U.S.-Israeli relations have rebounded from past disagreements. Robert Satloff, who heads the Washington Institute for Near East Policy, believes this will happen again.

He said that there will be renewed commitment to strengthen the relationship after the passage of time.

The White House hasn’t done enough to end the Gaza War: a Palestinian friend’s voice in the White House? Israel’s response to the attack on Gaza

A younger generation sees Israel’s aggressive military campaign in Gaza, with thousands of Palestinian civilian deaths, and the ongoing occupation of Palestinian territories.

“My parents and their grandparents went through the Holocaust. My father’s family fought for Israel’s independence,” said Ben-Ami. “It’s a completely different life experience than the young person born in the 21st century. There is a completely different conversation happening at college campuses compared to what is happening in senior citizen centers.

So his secretary of state, James Baker, delivered a blunt message in testimony before the House Foreign Affairs Committee: “It’s gonna take some really good faith, affirmative effort, on the part of our good friends in Israel. There is a telephone number that everybody should be aware of. When you are serious about peace, call us.

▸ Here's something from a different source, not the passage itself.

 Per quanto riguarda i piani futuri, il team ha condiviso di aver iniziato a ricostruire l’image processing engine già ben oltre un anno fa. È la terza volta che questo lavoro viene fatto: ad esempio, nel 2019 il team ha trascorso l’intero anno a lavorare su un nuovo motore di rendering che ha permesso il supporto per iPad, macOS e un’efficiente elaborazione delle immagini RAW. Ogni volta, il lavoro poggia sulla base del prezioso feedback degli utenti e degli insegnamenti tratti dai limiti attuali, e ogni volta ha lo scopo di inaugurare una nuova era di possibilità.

Alzayat and others pushed the White House for a meeting with Biden instead of a dinner, though Alzayat still declined the invitation altogether. The president hosted a small group of Muslim officials who worked in his administration for an iftar.

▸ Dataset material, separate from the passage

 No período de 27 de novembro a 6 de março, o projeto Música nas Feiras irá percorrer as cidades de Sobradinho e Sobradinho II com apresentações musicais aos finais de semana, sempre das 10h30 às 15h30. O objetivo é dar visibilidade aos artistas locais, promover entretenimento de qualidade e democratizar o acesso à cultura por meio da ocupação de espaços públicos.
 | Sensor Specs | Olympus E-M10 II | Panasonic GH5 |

Thaer Ahmad was in attendance at the meeting. The emergency medicine doctor left the meeting before it was over. He told NPR he left out of respect for his fellow Palestinians and as a signal that he believes the White House needs to do more to end the war and to get humanitarian aid into the region.

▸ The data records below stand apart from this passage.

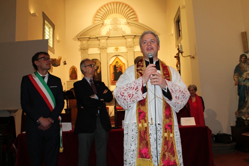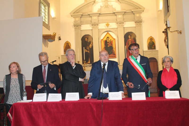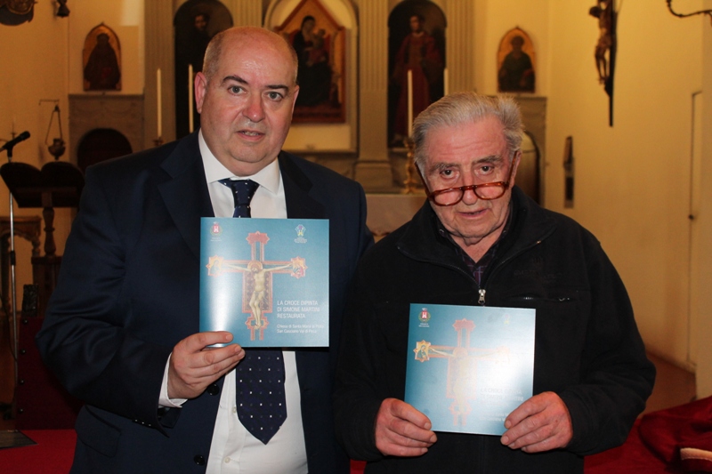 Questa Croce è stata presente nella Chiesa fin dal XVIII secolo. Croce di grande valore artistico, croce di devozione e di preghiera, di sofferenza collettiva e personale. Il saluto del sindaco uscente Massimiliano Pescini ha posto in evidenza come San Casciano sia un territorio ricco di evidenze storico artistiche e come la Croce di Simone Martini sia opera pregevole che la comunità sancascianese tiene in gran conto.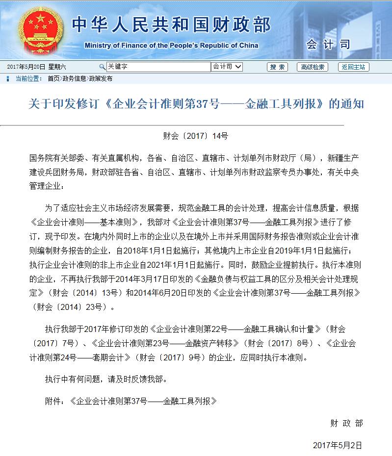 企业会计准则第37号——金融工具列报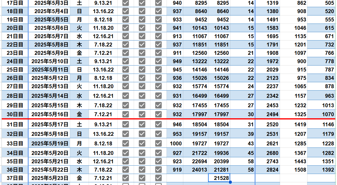 noteフォロワー急上昇ランキングでも常連となり、自分次第で20名〜80名のフォロワー増は調整できる状態だと思います。また、講義ページ内からダウンロードできるスプレッドシートとは別途、独自に作成して毎日記録をつけて下さいました。モジーさんの記録の共有は、この状態に着実にたどり着ける事を示してくれるデータとなりました。
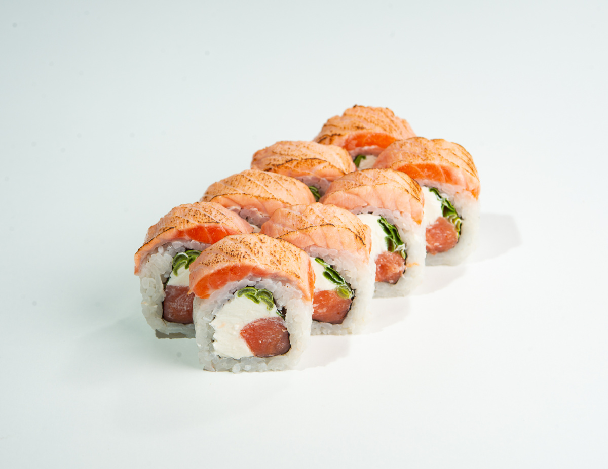 - Опалённая Филадельфия с копчёным лососем, луком (8шт)

Ahmad returned to the United States from Gaza where he was working at a hospital that was no longer functional because of fighting.

“We’ve been on the ground, we’ve seen just how overcrowded Rafah is — just how little aid is getting in — and that any sort of military activity there would be catastrophic,” Ahmad said.

I wanted to communicate that message but I also wanted it to be clear that what the White House has done is not enough,” Ahmad said.

The White House declined comment on the discussions during the private meeting. The press secretary said Biden respects the right to peaceful protest. She said that they understood that it was a very painful time.

Dr. Nahreen Ahmed also attended the meeting. The medical director of Med Global, who has been to Gaza twice since the war started, said that she felt Biden was not interested in what she had to say when she showed photos of the suffering she had witnessed.

“Maybe he didn’t mean it that way, but you’re the president of the United States, you cannot sit there and be this dismissive of individual pictures of people suffering that are being put in front of you and then tell us all, ‘Well, I’ve seen these before,’” she told NPR.

“Even if you have — that’s not the right response to a community of people that are hurting from what’s happening in Palestine and are trying to express to you their hurt and their pain and their frustration.”

Ahmed said she felt the meeting was “a way to manage the community, to say that we are trying our best, that we hear you,” and did not feel like the president was empathetic to their concerns.

The White House had planned to invite some Muslim leaders to an iftar to mark Ramadan, but scaled those plans back when some people said they did not feel comfortable with the plans.

“We should not be breaking fast at the White House in the last 10 days of the month since our policies are enabling a famine in Palestine,” said Wa’el Alzayat, who runs Emgage USA.

The president takes some responsibility for the fact that his inability to reign in Benjamin may be the reason. Netanyahu much earlier has contributed to some of the catastrophic loss of life,” Nashashibi said.

We have said there have been too many deaths of civilians. The infrastructure that’s been destroyed is called the civilian infrastructure. We have been very clear about our concerns and objections over some obstacles that have been put in the way of getting additional humanitarian assistance in,” John Kirby, a spokesperson for the National Security Council, said on Wednesday.